Gigo Gabashvili in the centre of photo, 1922.

==History==
The Art Academy of Georgia was founded on 8 March 1922 by order of the People's Commissariat on Education. Four faculties were established: painting, sculpture, graphic arts, and architecture. In 1927, the department of ceramics was added.
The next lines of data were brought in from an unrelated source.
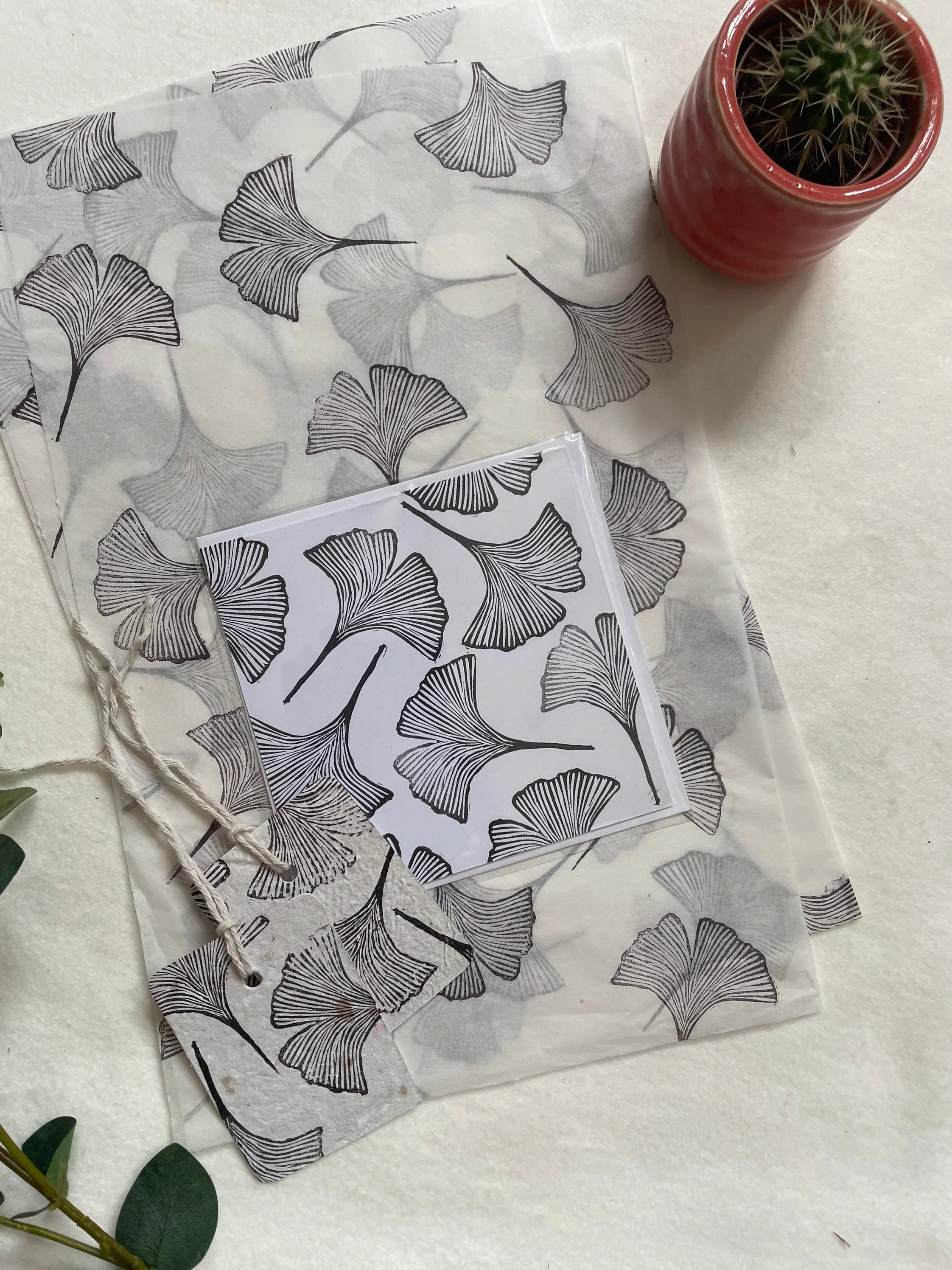 Gift wrap set | card | Tags | Tissue paper | ginkgo leaf
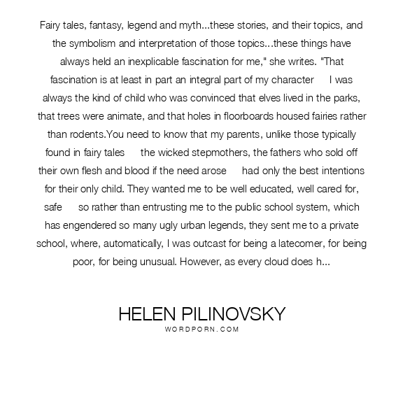Fairy tales, fantasy, legend and myth...these stories, and their topics, and the symbolism and interpretation of those topics...these things have always held an inexplicable fascination for me," she writes. "That fascination is at least in part an integral part of my character — I was always the kind of child who was convinced that elves lived in the parks, that trees were animate, and that holes in floorboards housed fairies rather than rodents.You need to know that my parents, unlike those typically found in fairy tales — the wicked stepmothers, the fathers who sold off their own flesh and blood if the need arose — had only the best intentions for their only child. They wanted me to be well educated, well cared for, safe — so rather than entrusting me to the public school system, which has engendered so many ugly urban legends, they sent me to a private school, where, automatically, I was outcast for being a latecomer, for being poor, for being unusual. However, as every cloud does have a silver lining — and every miserable private institution an excellent library — there was some solace to be found, between the carved oak cases, surrounded by the well–lined shelves, among the pages of the heavy antique tomes, within the realms of fantasy.Libraries and bookshops, and indulgent parents, and myriad books housed in a plethora of nooks to hide in when I should have been attending math classes...or cleaning my room...or doing homework...provided me with an alternative to a reality I didn't much like. Ten years ago, you could have seen a number of things in the literary field that just don't seem to exist anymore: valuable antique volumes routinely available on library shelves; privately run bookshops, rather than faceless chains; and one particular little girl who haunted both the latter two institutions. In either, you could have seen some variation upon a scene played out so often that it almost became an archetype:A little girl, contorted, with her legs twisted beneath her, shoulders hunched to bring her long nose closer to the pages that she peruses. Her eyes are glued to the pages, rapt with interest. Within them, she finds the kingdoms of Myth. Their borders stand unguarded, and any who would venture past them are free to stay and occupy themselves as they would
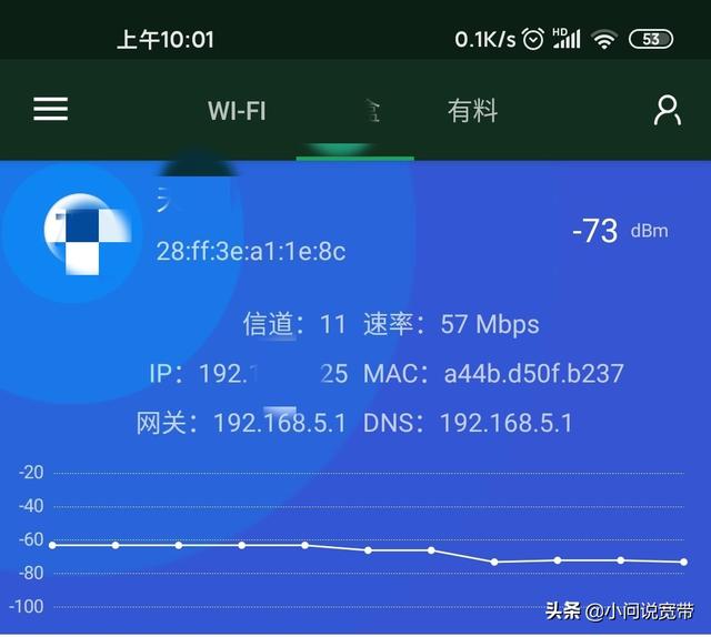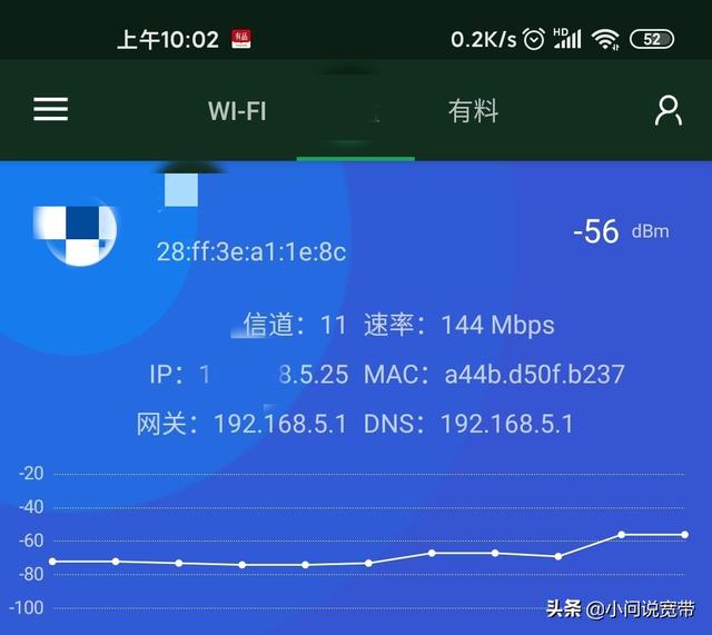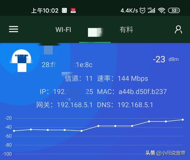 到底怎么一个强弱呢?到底又是怎样一些连接速度呢?我们可以用特有的软件进行查看,这个软件里面可以清楚的看到你当前的一个信号强度,连接速度,还能看到信道。小哥为大家展示的是一个双频路由器,我们可以看到2.4G频段 信号满格,信道为11,通过软件显示强度为-23dbm连接速度为 144Mbps。强度为-56dbm连接速度同样为144Mbps。信号为三格强度为-73dbm连接速度只有57Mbps。

In 1922, Mose Toidze founded an art school providing training to young people wishing to enter the Academy. The academy is housed in the former mansion of Vardan Arshakuni, completely reconstructed and refurbished by the architect Simon Kldiashvili in 1902.

Renowned artists have taught at the academy since its founding; the first were Gigo Gabashvili, Iakob Nikoladze, Eugene Lanceray, Joseph Sharlemagne, Henryk Hryniewski, Yeghishe Tadevosyan, Nikolay Sklifosovskiy, Nicholas Antadze, Anatoli Kalgin, Nikolay Severove, Dimitri Shevardnadze, Michael Machavariani, Alexander Pitskhelauri, Michael Khananashvili, Boris Shebuev, Mose Toidze, Alexander Tsimakuridze, Nicholas Kandelaki, Valerian Sidamon-Eristavi, David Kakabadze, Lado Gudiashvili, George Sesiashvili, Ucha Japaridze, Shalva Amiranashvili, Apollon Kutateladze, Vasili Shukhaev, Sergo Kobuladze, Silovan Kakabadze, Shota Mikatadze, David Tsitsishvili, Zakro Maisuradze, and Lado Grigolia.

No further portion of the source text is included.